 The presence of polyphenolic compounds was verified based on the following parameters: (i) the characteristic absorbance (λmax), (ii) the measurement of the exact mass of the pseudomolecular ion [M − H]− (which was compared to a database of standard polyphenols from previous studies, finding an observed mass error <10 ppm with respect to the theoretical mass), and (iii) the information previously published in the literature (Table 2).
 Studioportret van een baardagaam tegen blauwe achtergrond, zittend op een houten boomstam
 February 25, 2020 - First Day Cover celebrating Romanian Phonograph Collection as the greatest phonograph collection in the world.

__________________________________________________

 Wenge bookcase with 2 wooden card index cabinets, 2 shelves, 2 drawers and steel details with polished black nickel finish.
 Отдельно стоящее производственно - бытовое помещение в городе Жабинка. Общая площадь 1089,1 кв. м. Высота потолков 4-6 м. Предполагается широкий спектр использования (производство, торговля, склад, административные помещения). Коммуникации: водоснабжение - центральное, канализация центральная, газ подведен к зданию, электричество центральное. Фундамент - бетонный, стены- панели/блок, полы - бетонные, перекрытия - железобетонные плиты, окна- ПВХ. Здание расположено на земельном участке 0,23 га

__________________________________________________

_Required work_
Set down, from the entries above, exactly the lines from the one with "The presence of" up to and including the one with "February 25, 2020", and no other lines.

_Answer for the task_
 The presence of polyphenolic compounds was verified based on the following parameters: (i) the characteristic absorbance (λmax), (ii) the measurement of the exact mass of the pseudomolecular ion [M − H]− (which was compared to a database of standard polyphenols from previous studies, finding an observed mass error <10 ppm with respect to the theoretical mass), and (iii) the information previously published in the literature (Table 2).
 Studioportret van een baardagaam tegen blauwe achtergrond, zittend op een houten boomstam
 February 25, 2020 - First Day Cover celebrating Romanian Phonograph Collection as the greatest phonograph collection in the world.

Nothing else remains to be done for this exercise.